KI67 and PCNA immunofluorescence quantification. Quantification was performed by developing a Fiji-based (ImageJ v 1.53q, NIH) macro. Following an initial maximum intensity projection, channels containing either MKI67 or PCNA were thresholded based on Yen’s automated multilevel thresholding method (56). Subsequent nucleus detection and water shedding were performed, and individual nuclei were determined to be part of the medial layer if the dilated ACTA2 signal was found to be overlapping without VWF signal being present within the nuclear region. Masks generated of nuclei positively identified to belong to the medial layer were used as ROIs in the MKI67 or PCNA channel, respectively, and output is given as percentage of positive signal based on nucleus area. We provide the in-house-developed tool for the analysis under the name of “Proliferation Marker Expression” macro on Github (https://github.com/JGHMicroscopy/Fiji-Macros/blob/c2bc729547b3580b0f7d824af25f3a2e979d9815/Proliferation%20Marker%20Expression.ijm; commit ID c2bc729).

Transcription factor analysis. Transcription factor (TF) analysis was performed using ChEA3 (57).

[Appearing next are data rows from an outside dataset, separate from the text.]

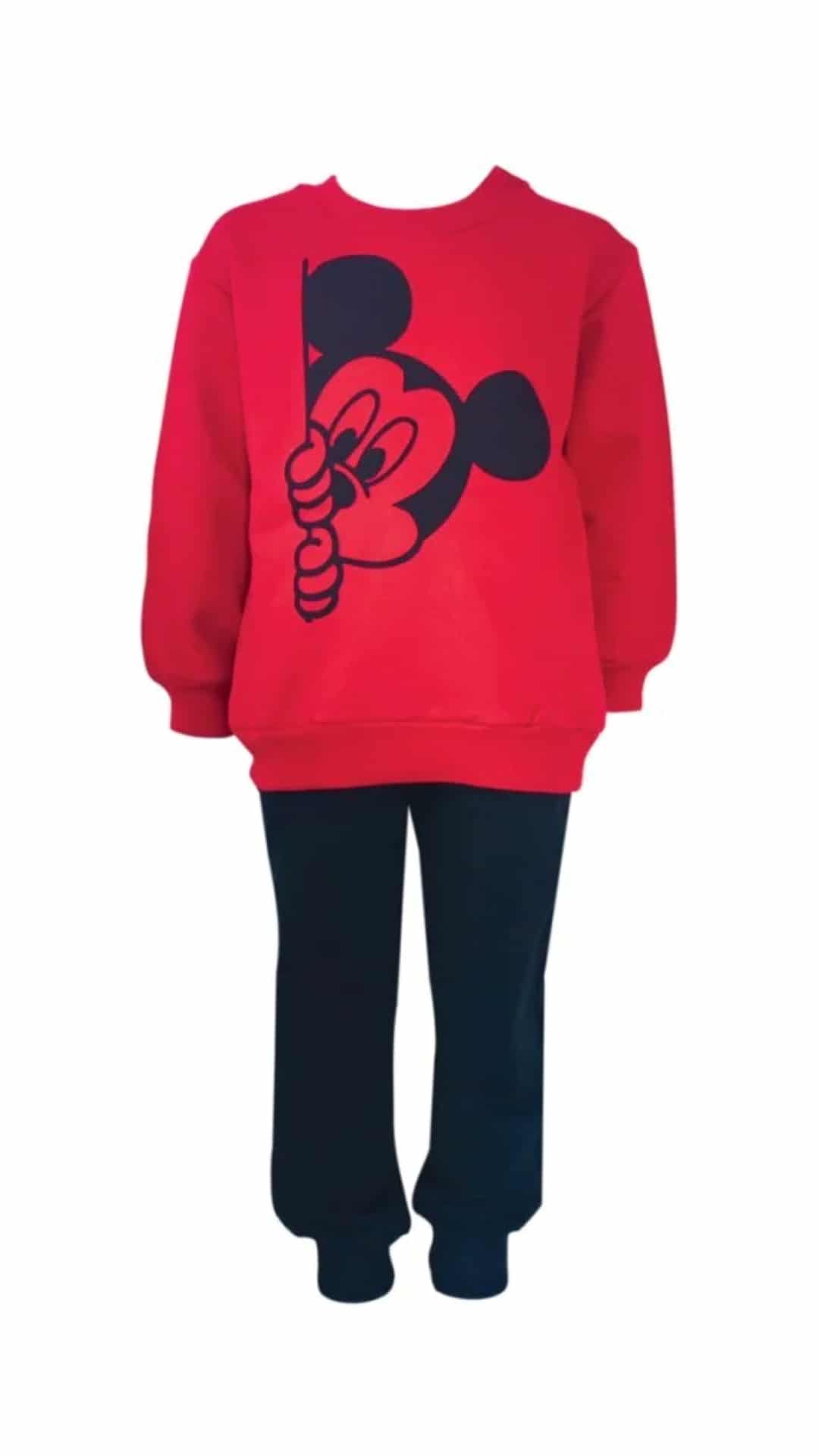 Βαμβακερή παιδική φόρμα Mickey Mouse για αγόρια από την ελληνική Serafino. Άνετη, μοντέρνα και ιδανική για ηλικίες 1-5 ετών, σε ζωηρό κόκκινο χρώμα.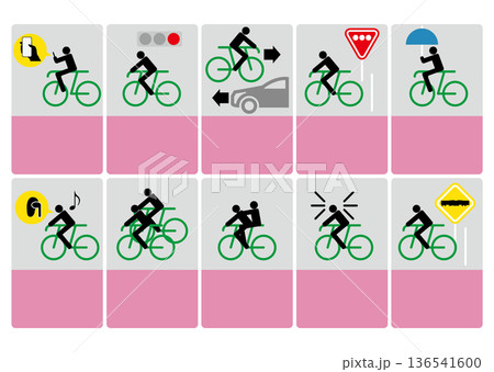 自転車の交通ルール違反のピクトグラムマーク、禁止アイコン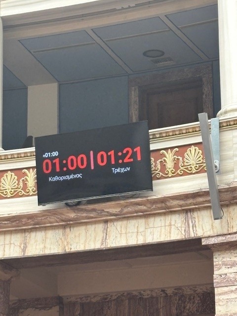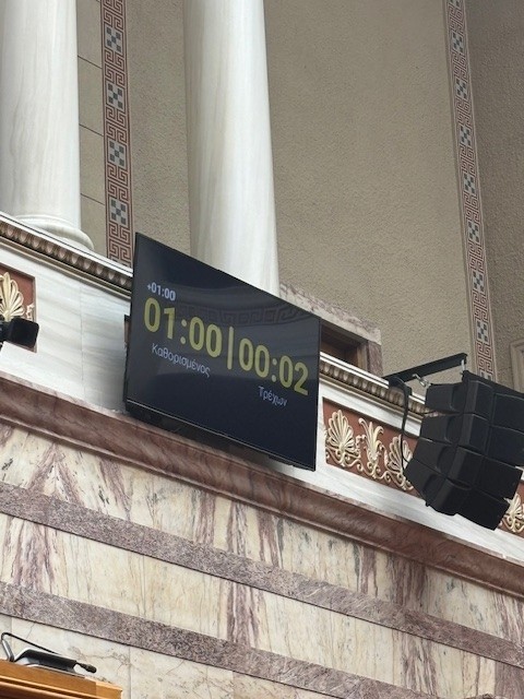 Οι μεγάλες οθόνες στην αίθουσα της ολομέλειας -2 πάνω από το προεδρείο που βλέπουν οι βουλευτές από τα έδρανά τους και μια απέναντι από τον ομιλητή για να βλέπει ο ίδιος τον χρόνο- θα αλλάζουν χρώματα. Με την έναρξη της ομιλίας τα γράμματα θα είναι λευκά ενώ θα αναγράφεται και ο επιπλέον χρόνος 25% που δίνεται. Ένα λεπτό πριν τη λήξη του προβλεπόμενου χρόνου θα ακούγεται ένας ήχος και τα γράμματα θα γίνονται κίτρινα. Με την εξάντληση του οριζόμενου χρόνου το χρώμα θα γίνεται κόκκινο και θα παραμένει και για τα επιπλέον λεπτά (25%). Αμέσως μετά το μικρόφωνο θα κλείνει και η κάμερα θα γυρίζει στα έδρανα.
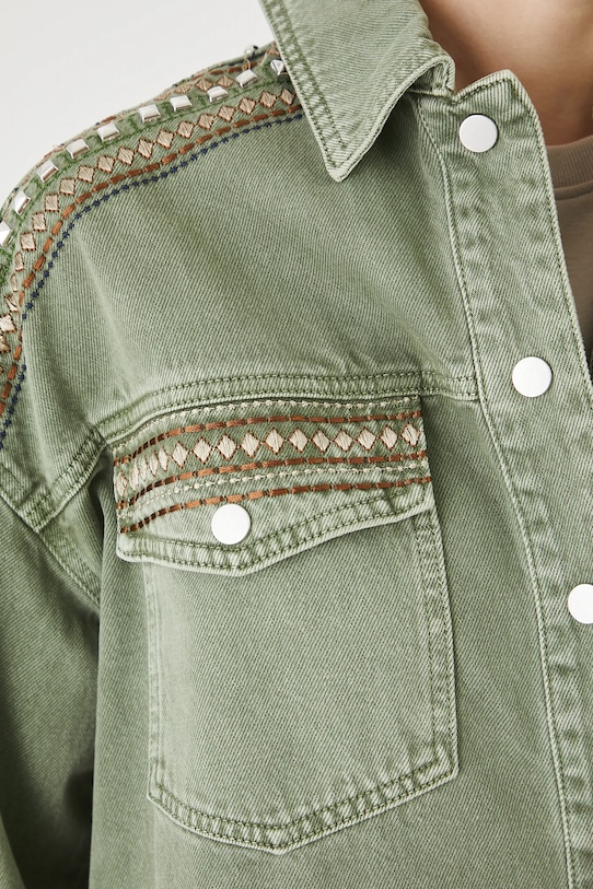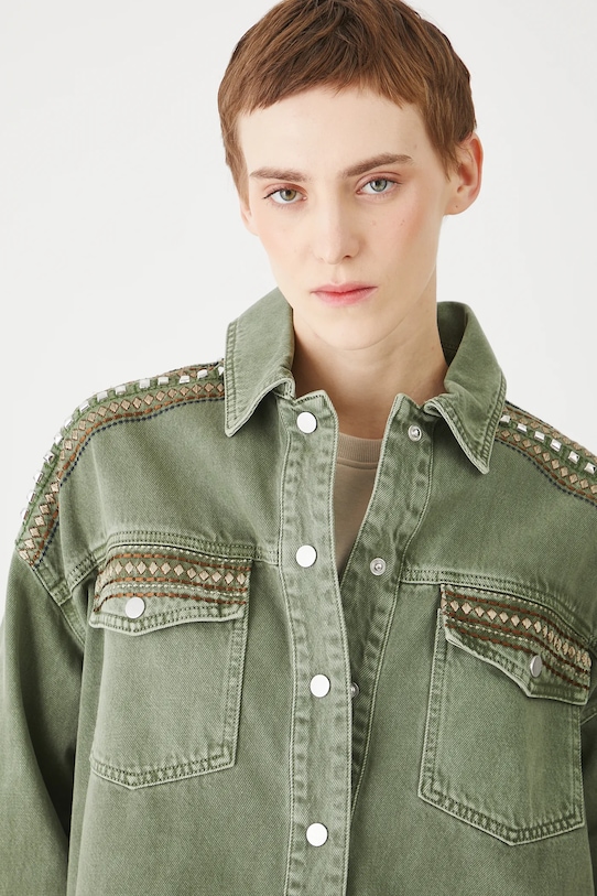 Куртка-рубашка из коллекции Medicine. Модель без подкладки выполнена из хлопкового денима. - Большой размер. - Длинный рукав. - Заниженная линия плеча. - Рукава застегиваются на кнопки. - Модель с воротником. - Застежка-кнопка. - Два нагрудных кармана с застежкой на кнопку. - Джинсовая ткань с эффектом потертости. - Модель с декоративной вышивкой. - Вышивки с растительными и животными мотивами. - Модель со шпильками. - Неутепленная модель без подкладки. - Длина рукава (от воротника): 71,5 см. - Длина: 71 см. - Ширина груди: 64 см. - Размеры указаны для размера: S.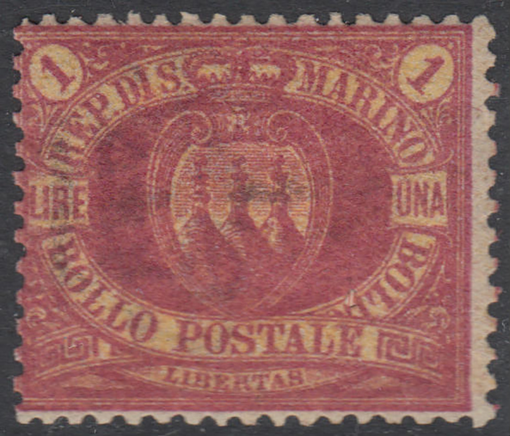 [SAN MARINO] 1892 "Stemma", 1 lira carminio su giallo. MH..........(Sass. 20)

Disease-associated, cluster-specific DEG terms were provided as gene queries in 4 independent enrichment runs. Results were ranked based on how consistently the given TFs were found connected to the given gene query in different data libraries, such as ChIP-Seq databases (ENCODE, ReMap), coexpression of TFs with other genes based on processed RNA-Seq data from GTEx and ARCHS4 and, finally, co-occurrence of TFs with other genes by examining gene lists submitted to the tool Enrichr (38, 58, 59).

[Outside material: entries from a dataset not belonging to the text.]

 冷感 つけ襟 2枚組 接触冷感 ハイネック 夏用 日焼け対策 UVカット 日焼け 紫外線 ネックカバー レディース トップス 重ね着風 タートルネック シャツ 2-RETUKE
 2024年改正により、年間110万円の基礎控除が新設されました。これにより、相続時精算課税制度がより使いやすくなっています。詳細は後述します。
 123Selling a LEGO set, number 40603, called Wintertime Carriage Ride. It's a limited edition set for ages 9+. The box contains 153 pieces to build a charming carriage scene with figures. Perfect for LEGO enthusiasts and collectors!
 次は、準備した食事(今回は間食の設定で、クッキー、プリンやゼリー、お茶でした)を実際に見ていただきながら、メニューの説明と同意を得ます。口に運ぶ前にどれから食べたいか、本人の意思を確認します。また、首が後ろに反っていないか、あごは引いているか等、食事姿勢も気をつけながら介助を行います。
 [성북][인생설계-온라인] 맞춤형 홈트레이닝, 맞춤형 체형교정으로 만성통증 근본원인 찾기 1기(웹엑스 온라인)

Data availability. Results for human and mouse scRNA-Seq were uploaded to the National Center of Biotechnology Information Gene Expression Omnibus database (accession number GSE210248).

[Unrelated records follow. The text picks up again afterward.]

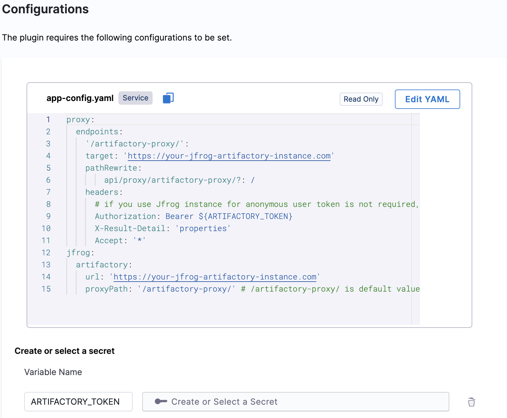 • Under the Plugins tab in Admin, go to app-config.yaml and Edit YAML to configure your JFrog endpoint in the target field and add your artifactory URL (used for UI browse links) in the format as shown below.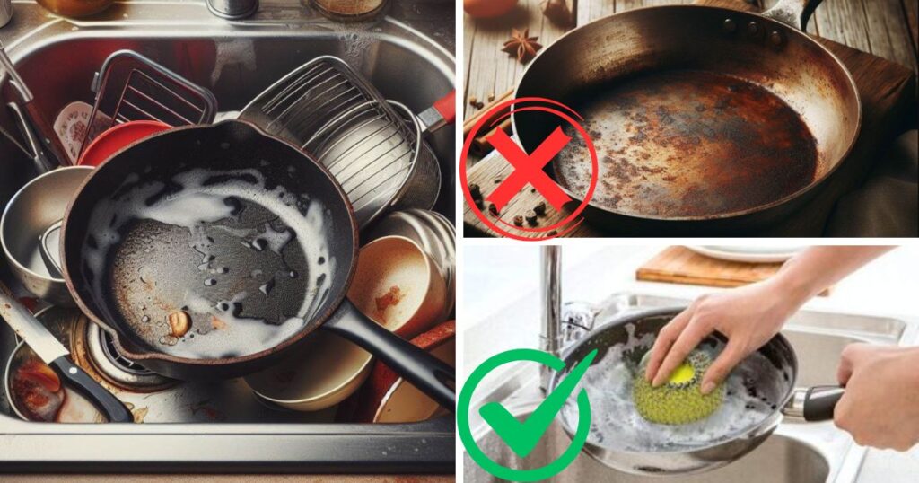 - Регулярно очищайте сковороду після кожного використання, щоб уникнути утворення застарілих забруднень.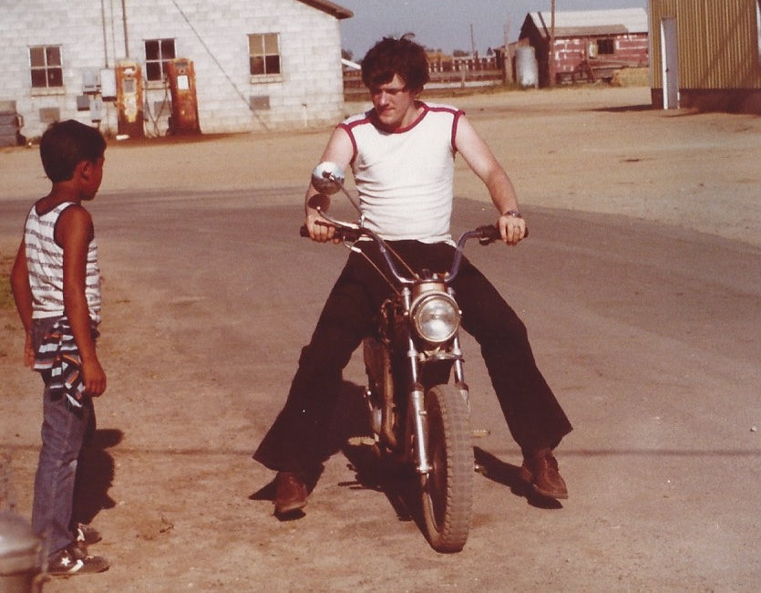 In the summers I would spend a lot of time on my Aunt and Uncles Dairy farm, Jack and Louise Vierra (I owe them a lot of credit) there was a haggard old Honda trail 110 that I would use to go irrigate the alfalfa, a simple 30-minute job would turn into an all-day project! In one of the storage barns, my cousin Ray had an old Suzuki 250, I couldn’t kick start it, so I would push it to the top of the loading dock ramp, click it into 3rd gear run as fast as I could and PRAY!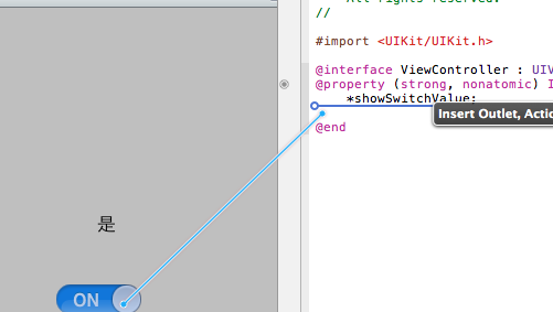 2、按alt+command + return鍵開啟Assistant Editor模式,選中UISwitch控件,按住Control鍵,往ViewController.h拖拽

Statistics. Wilcoxon rank sum test was used to identify cluster-specific DEGs via the Seurat package (version 3.6) using the function FindAllMarkers with Bonferroni correction and a threshold of adjusted P value of 0.05 and log₂ fold change of ±0.25. Comparison of DEGs between donor and PAH samples was performed using the FindMarkers function and Wilcoxon rank sum test with Bonferroni correction and a threshold of adjusted P value of 0.05 and log₂ fold change of ±0.25. Cell proportions and SMC populations’ proportions statistical differences between donor and PAH were inferred with the propeller function of the speckle R package. Arcsine transformation was performed prior to assessing statistical significance through 2-tailed t test in each cell type or SMC population, with a P value threshold of 0.05. Significant ligand-receptor interactions were highlighted through permutation test with number of permutations set on 100,000, as suggested by developers. Statistical analysis of significant differences between donor and IPAH staining of MKI67/PCNA were addressed through Wilcoxon rank sum test with a P value threshold of 0.05. Disease-associated DEG analysis between the 4 clusters of SMCs was performed using FindAllMarkers function and Wilcoxon rank sum test with Bonferroni correction and a threshold of adjusted P value of 0.05. Enrichment analysis was performed on Enrichr using Fisher’s exact test followed by Benjamini-Hochberg correction with an adjusted P value threshold of 0.05.

Study approval. Collection of human tissue and clinical data was done in accordance with the Declaration of Helsinki and following patient written informed consent and protocol approval by local institutional review boards (Medical University of Vienna, Vienna, Austria, 976/2010; University of Pennsylvania, Philadelphia, Pennsylvania, USA, PROPEL). Hypoxia exposure and murine organ collection were approved by the institutional review board (University of Pennsylvania, Philadelphia, Pennsylvania, USA, 806345).